Locate the line that contains "Which type of" in the entries below, then repeat it and every following line through the line that contains "конструкция скрытая, монтаж", exactly, and no others.

Entries supplied:
──────

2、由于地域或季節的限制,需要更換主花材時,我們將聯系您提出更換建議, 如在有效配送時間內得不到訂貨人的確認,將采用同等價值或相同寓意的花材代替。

──────

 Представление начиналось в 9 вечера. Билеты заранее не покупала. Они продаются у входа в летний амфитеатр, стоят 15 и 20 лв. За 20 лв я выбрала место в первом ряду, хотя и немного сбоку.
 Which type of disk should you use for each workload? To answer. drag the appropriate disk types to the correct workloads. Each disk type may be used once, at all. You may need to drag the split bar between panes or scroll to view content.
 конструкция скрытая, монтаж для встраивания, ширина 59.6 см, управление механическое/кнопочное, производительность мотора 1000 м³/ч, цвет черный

──────

Task output:
 Which type of disk should you use for each workload? To answer. drag the appropriate disk types to the correct workloads. Each disk type may be used once, at all. You may need to drag the split bar between panes or scroll to view content.
 конструкция скрытая, монтаж для встраивания, ширина 59.6 см, управление механическое/кнопочное, производительность мотора 1000 м³/ч, цвет черный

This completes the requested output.